══ Supplied records ══

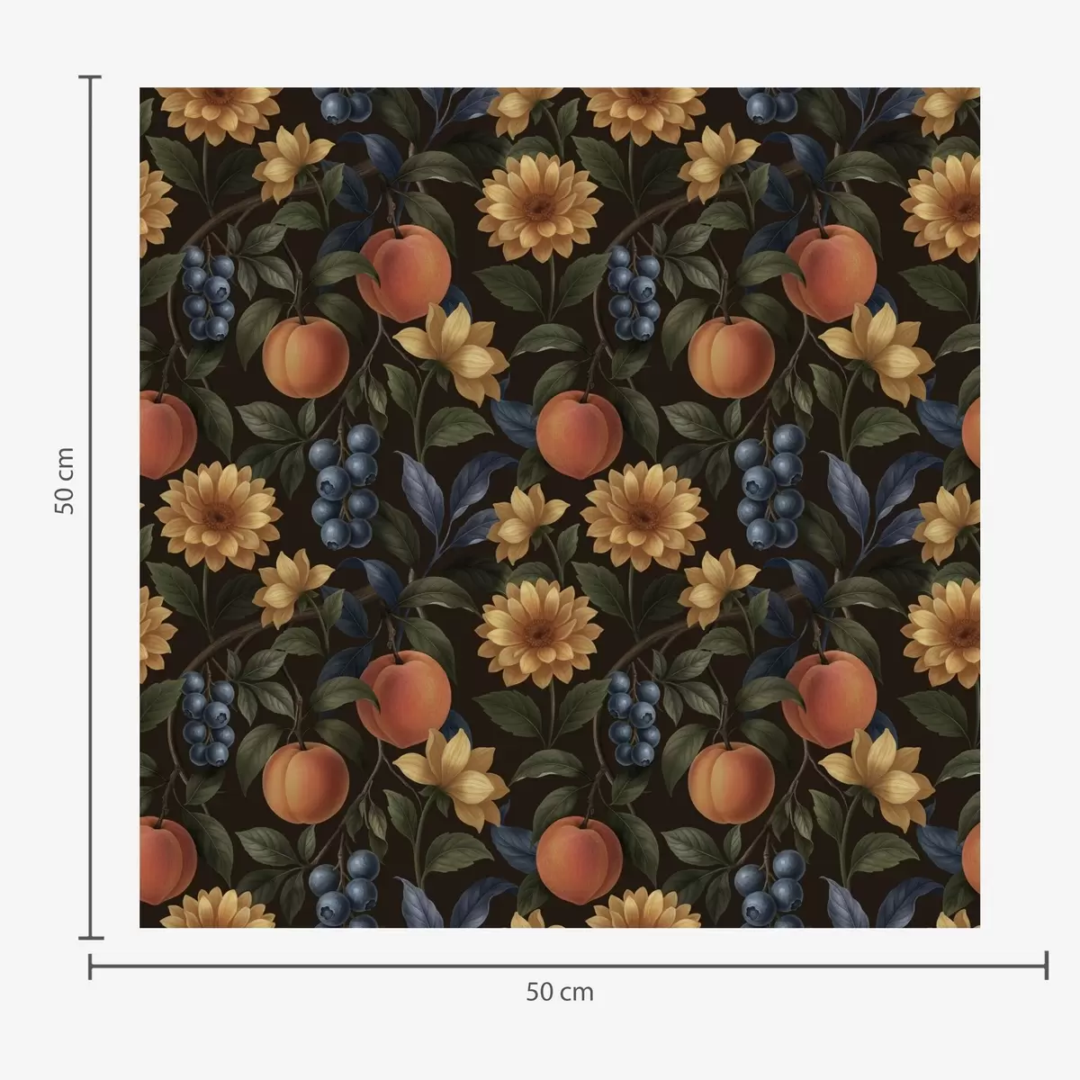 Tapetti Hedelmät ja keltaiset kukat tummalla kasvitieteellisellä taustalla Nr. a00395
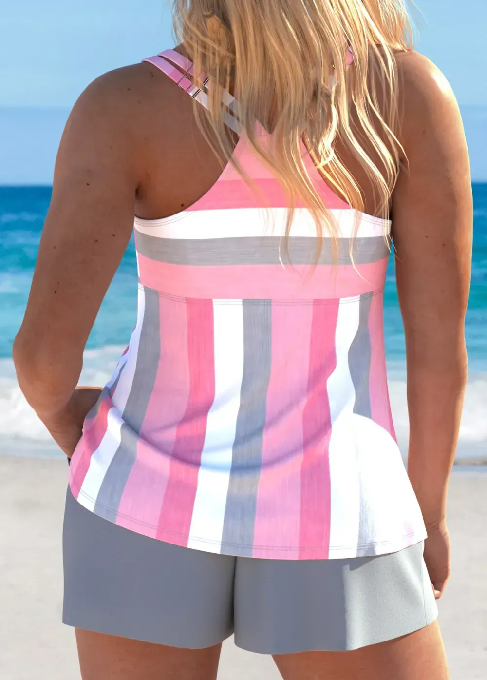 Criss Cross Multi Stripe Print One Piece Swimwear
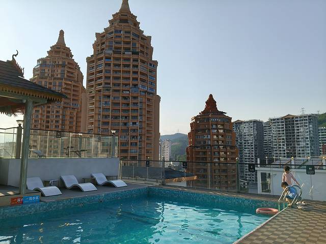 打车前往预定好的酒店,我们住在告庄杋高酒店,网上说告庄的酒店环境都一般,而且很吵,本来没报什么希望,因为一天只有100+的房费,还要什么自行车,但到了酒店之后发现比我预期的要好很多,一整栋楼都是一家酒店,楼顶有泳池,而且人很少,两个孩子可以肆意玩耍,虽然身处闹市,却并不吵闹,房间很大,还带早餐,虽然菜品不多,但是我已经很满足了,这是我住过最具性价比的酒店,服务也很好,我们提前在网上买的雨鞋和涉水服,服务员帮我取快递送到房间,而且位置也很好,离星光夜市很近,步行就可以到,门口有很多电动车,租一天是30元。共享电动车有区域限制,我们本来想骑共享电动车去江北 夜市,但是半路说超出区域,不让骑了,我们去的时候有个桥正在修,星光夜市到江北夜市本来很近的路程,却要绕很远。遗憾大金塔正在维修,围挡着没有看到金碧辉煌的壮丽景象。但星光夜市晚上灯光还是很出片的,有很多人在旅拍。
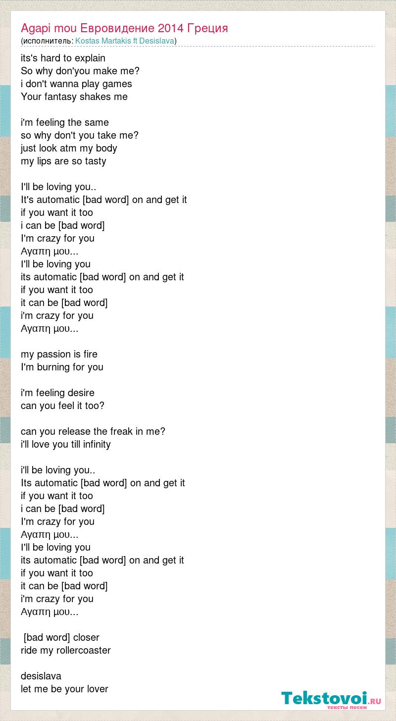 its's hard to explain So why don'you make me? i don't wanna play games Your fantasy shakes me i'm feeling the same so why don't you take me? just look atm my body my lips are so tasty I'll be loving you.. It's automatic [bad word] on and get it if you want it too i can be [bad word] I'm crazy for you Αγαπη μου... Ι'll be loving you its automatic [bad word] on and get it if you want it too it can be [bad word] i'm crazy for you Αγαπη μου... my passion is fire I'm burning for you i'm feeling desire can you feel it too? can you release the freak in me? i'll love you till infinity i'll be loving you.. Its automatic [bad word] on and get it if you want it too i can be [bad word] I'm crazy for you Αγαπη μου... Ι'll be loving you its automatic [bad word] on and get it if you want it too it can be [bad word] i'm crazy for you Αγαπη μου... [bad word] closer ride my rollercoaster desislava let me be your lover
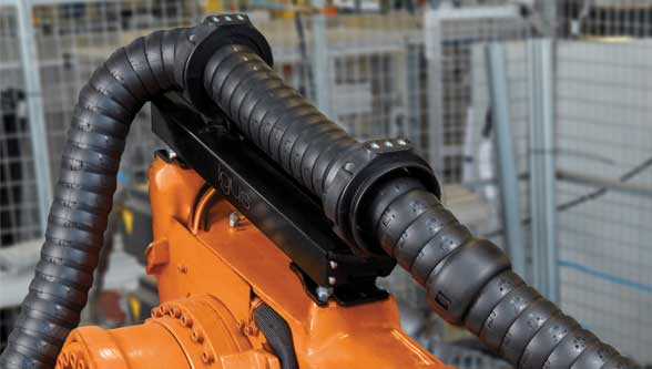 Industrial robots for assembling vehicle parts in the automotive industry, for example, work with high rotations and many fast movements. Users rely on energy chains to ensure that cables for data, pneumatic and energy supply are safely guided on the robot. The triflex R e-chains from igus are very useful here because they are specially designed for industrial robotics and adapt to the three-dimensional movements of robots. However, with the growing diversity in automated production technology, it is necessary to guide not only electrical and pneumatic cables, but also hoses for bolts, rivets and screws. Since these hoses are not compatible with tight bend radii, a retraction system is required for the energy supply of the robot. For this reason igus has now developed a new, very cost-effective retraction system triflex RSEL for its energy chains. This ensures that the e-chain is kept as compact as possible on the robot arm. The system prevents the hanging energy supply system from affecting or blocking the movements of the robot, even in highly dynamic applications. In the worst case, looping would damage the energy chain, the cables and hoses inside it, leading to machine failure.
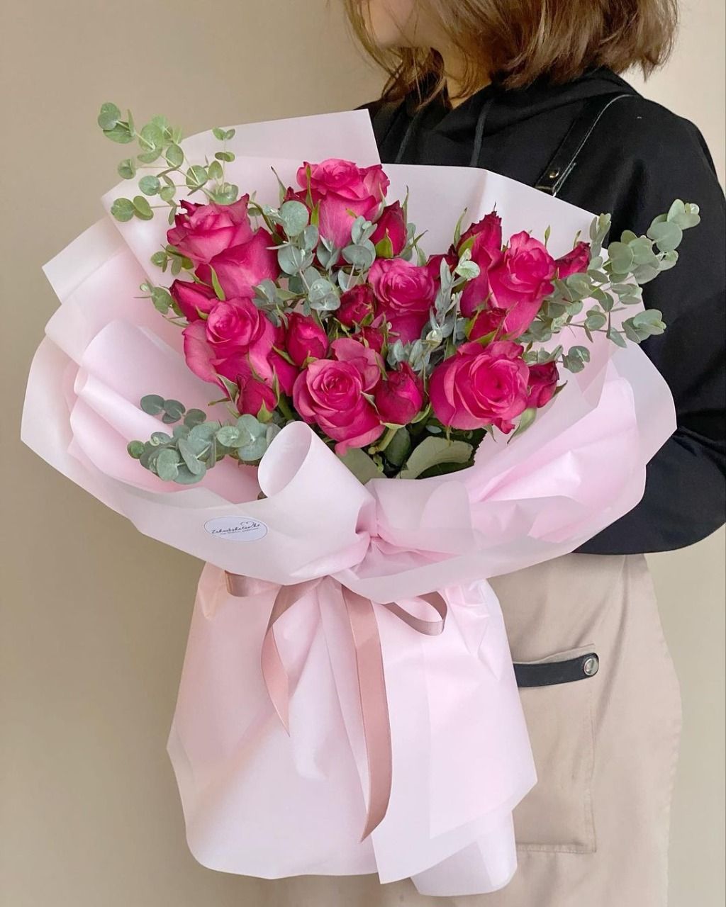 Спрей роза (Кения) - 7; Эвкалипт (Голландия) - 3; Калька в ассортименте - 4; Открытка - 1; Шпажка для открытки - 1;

═══

Activity: The output is the lines from the start of the data above through the line containing "Criss Cross Multi", unchanged, with any picture left out.

The completed task:
 Tapetti Hedelmät ja keltaiset kukat tummalla kasvitieteellisellä taustalla Nr. a00395
 Criss Cross Multi Stripe Print One Piece Swimwear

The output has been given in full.